2022 APFS Advent Challenge Day 3 - Containers

Monday, December 5, 2022

APFS is a pooled storage, transactional, copy-on-write file system. Its design relies on a core management layer known as the Container. APFS containers consist of a collection of several specialized components: The Space Manager, the Checkpoint Areas, and the Reaper. In today’s post, we will give an overview of APFS containers and these components.

History

Prior to the introduction of APFS, Apple’s primary file system of choice was HFS+. HFS+ is a journaling file system that was introduced by Apple in 1998 as an improvement over its legacy HFS file system.

Like most file systems of its era, each HFS+ volume can only manage the space of a single physical disk partition. While it is possible to have more than one HFS+ volume on a disk, the limitation of “one volume per partition” requires that the storage space for each volume be fixed and pre-allocated. This means that HFS+ volumes that are low on storage space cannot make use of any available free space elsewhere on disk.

In 2012, Apple introduced its hybrid Fusion Drives, which consist of a larger hard disk drive (HDD) combined with a smaller, but faster solid state drive (SSD) in a single package. The HDD is intended to be used as the primary storage device, providing the baseline storage capacity, and the SSD provides faster access to the most recently accessed data by acting as a cache.

This caching logic is not built into the fusion drive hardware. The two drives are presented to the operating system as separate storage devices. HFS+ does not have the ability to span a volume across multiple partitions, and it was not designed to support the desired caching mechanisms.

Rather than massively overhauling HFS+ to support these new capabilities, Apple decided instead to add an additional storage layer, called Core Storage. Core Storage acts as a logical volume manager that has the ability to pool the storage of multiple devices on the same drive into a single, logical volume. It also implements a tiered storage model that allows blocks to be duplicated and cached on Fusion drives. Incidentally, Core Storage also provides the mechanism for the volume-level encryption facilities of File Vault on HFS+ systems. Because HFS+ only sees a single logical volume, these complexities are completely transparent to the file system’s implementation.

Apple introduced APFS in 2017. The design of APFS takes many lessons from both HFS+ and Core Storage, and eliminates the need for both of them.

Space Manager

APFS containers provide pooled and tiered storage capabilities, without the need for a Core Storage layer. It presents one logical view of storage, whose blocks can be shared among multiple volumes without the need for pre-partitioning and pre-allocation of space. As volumes’ storage requirements change over time, blocks are allocated or returned to the container. This allows for quite a bit of flexibility, as you can now have multiple volumes that serve different roles without having to figure out their space requirements ahead of time. For example, you can now have more than one system volume with different versions on macOS installed that can share the same user data volume.

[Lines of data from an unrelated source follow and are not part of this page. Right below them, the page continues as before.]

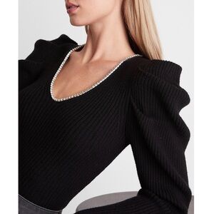 NWT Express Embellished V-Neck Puff Sleeve Sweater
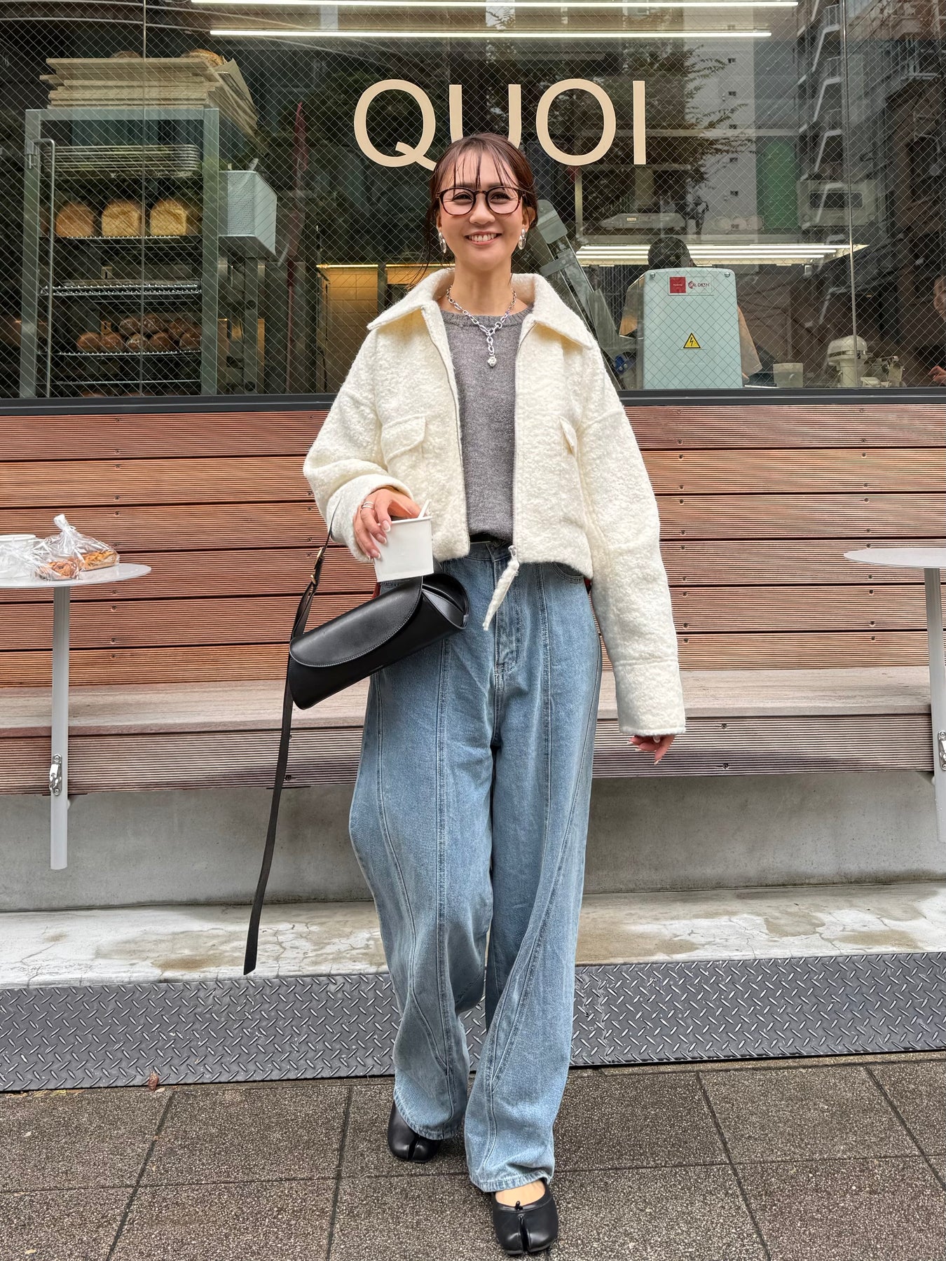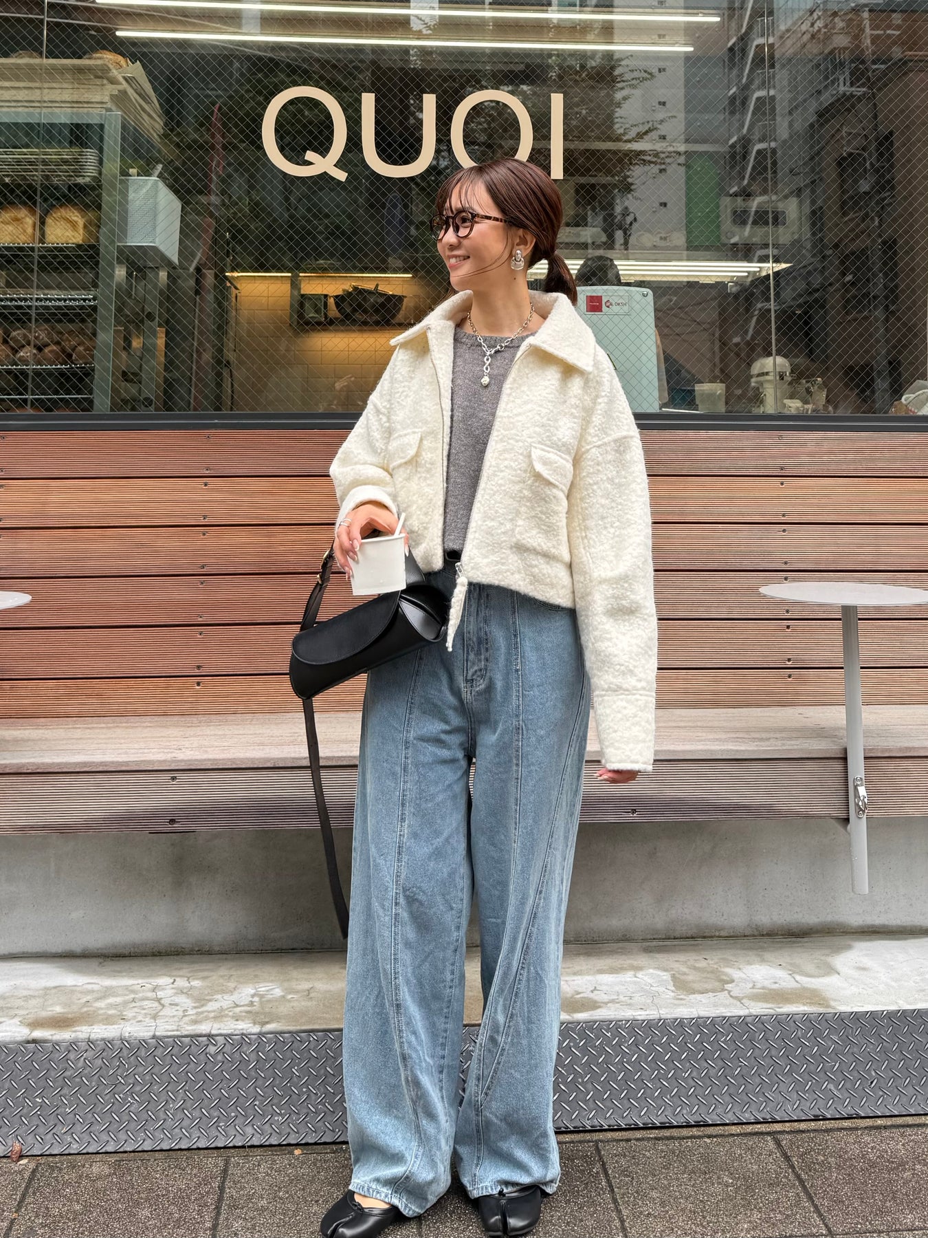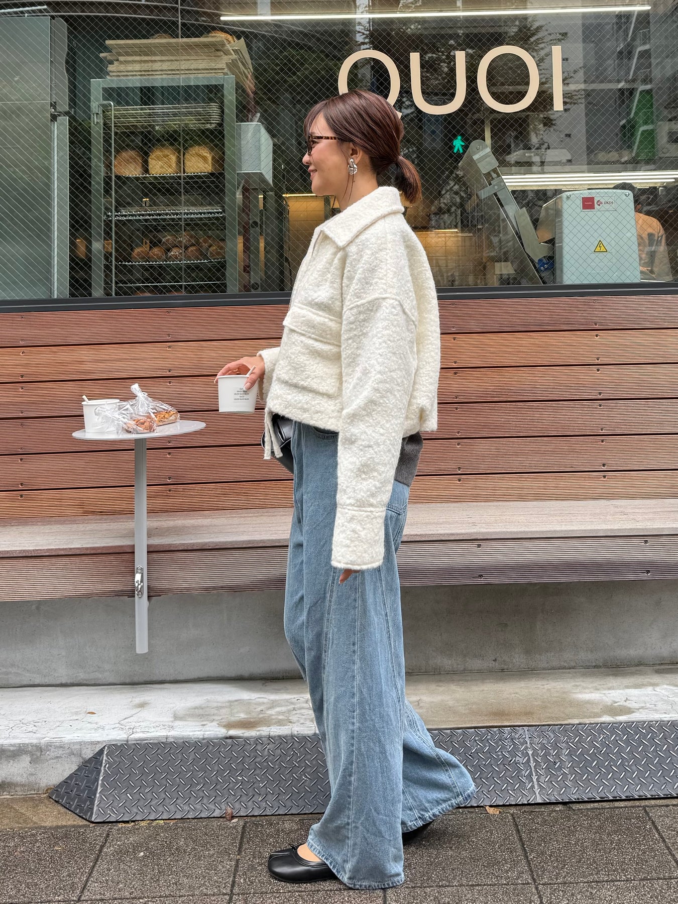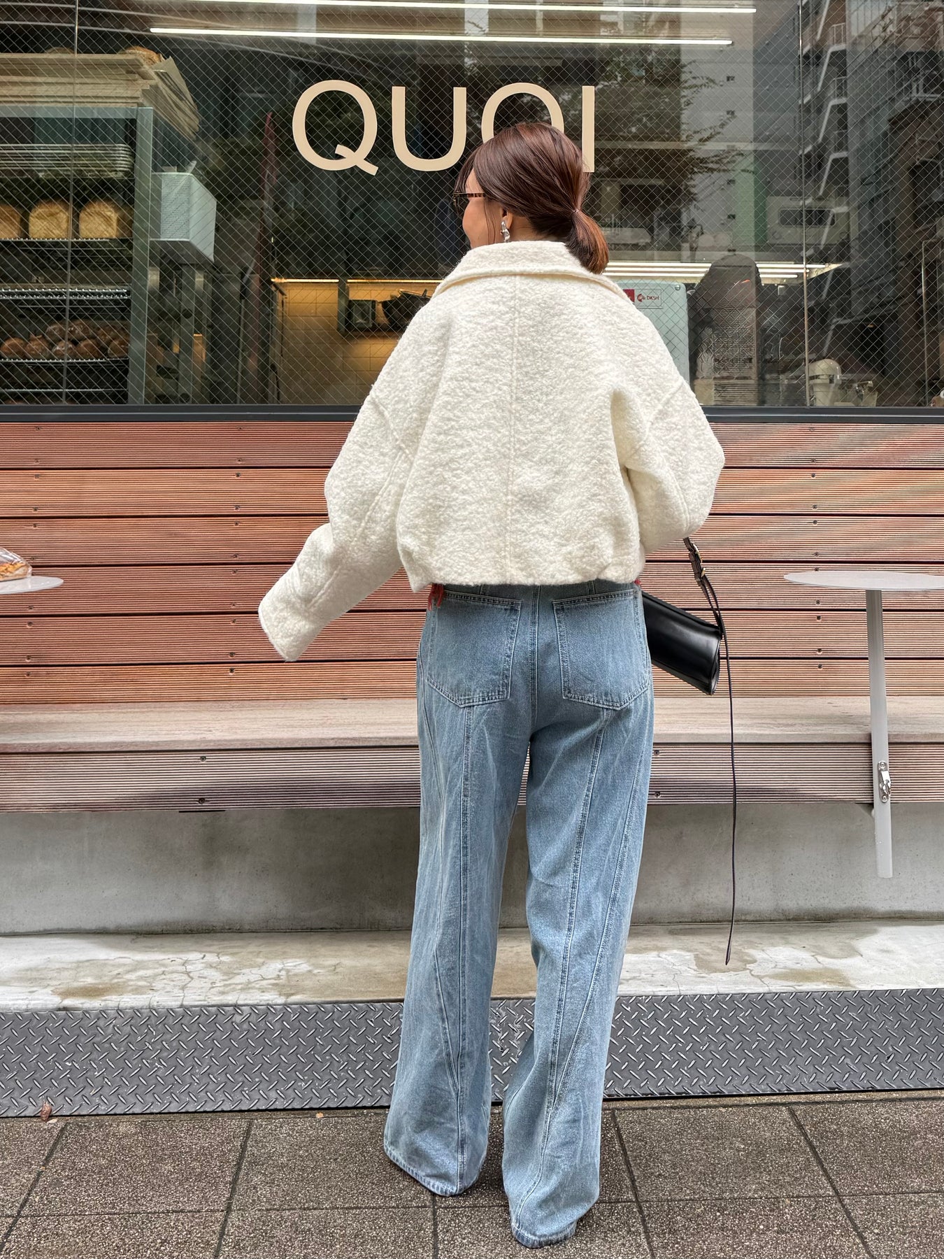 [SET] ループツイードショートジャケット / アイボリー + 切替えストレートデニムパンツ / ブルー
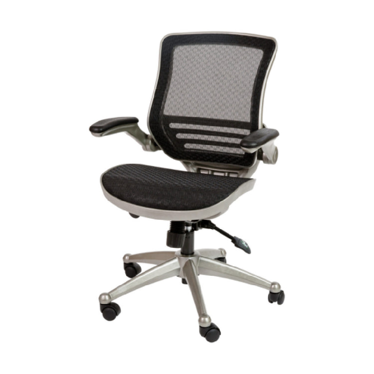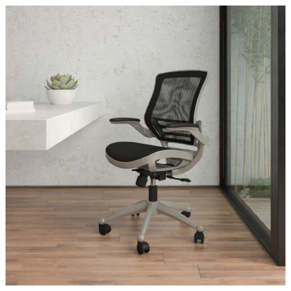 The Flash Furniture BL-8801X-BK-GR-GG Warfield Executive Swivel Chair is a professional-grade ergonomic seating solution designed for sophisticated office environments. Engineered with a mid-back mesh design, this chair provides optimal lumbar support and breathable comfort. Its adjustable height range of 37" to 41" and a robust 300 lb. weight capacity make it suitable for diverse workloads. The chair features a padded flip-up armrest and a heavy-duty silver graphite nylon base, consolidating both durability and functionality in workspace optimization. Precision pneumatic controls allow for seamless seat height adjustments, ensuring ergonomic positioning for prolonged use in executive offices or conference rooms.
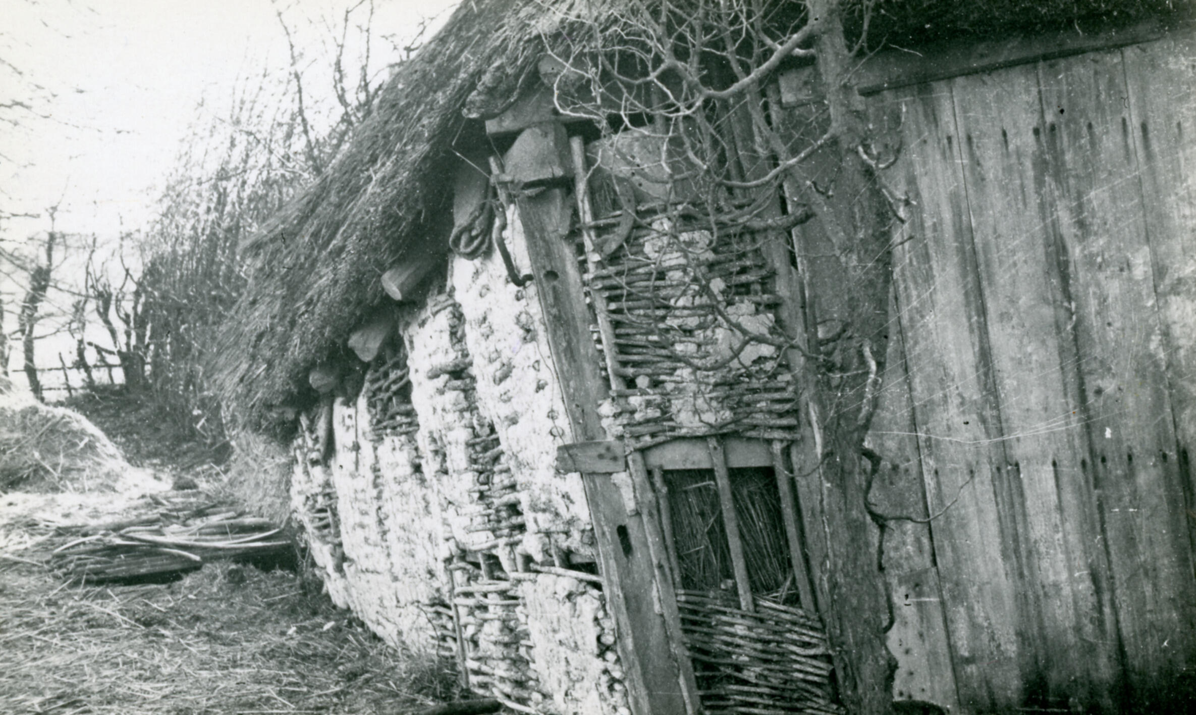 Een wand van een schuur bij een boerderij in Borkel, bij Valkenswaard. De wand bestaat uit twijgen, bestreken met leem.

It supports storage devices as small as 1 MiB in size (APFS on a 1.44 MiB HD floppy, anyone?) and has no apparent upper storage limit. It supports the sharing of blocks among as many as 100 volumes (with some limitations). In addition to that hard-coded upper maximum of 100 volumes, APFS requires that there can be no more than one volume per 512 MiB of storage space. This helps limit storage contention and reduces the amount of space needed to maintain file system metadata on-disk.

The Space Manager instance keep track of which blocks across storage tiers are in-use. It also is responsible for the allocation and freeing of blocks for volumes on-demand.

Checkpoint Areas

As mentioned in last Friday’s post, APFS provides fault tolerance by batching together copies of updated objects and committing them to disk in transactions known as checkpoints. This transactional, copy-on-write strategy ensures that there is always at least one valid and complete set of APFS objects on disk. The latest checkpoint may be used as the authoritative source of information and since checkpoints aren’t immediately invalidated, the entire state of APFS can be reverted to an earlier point in time.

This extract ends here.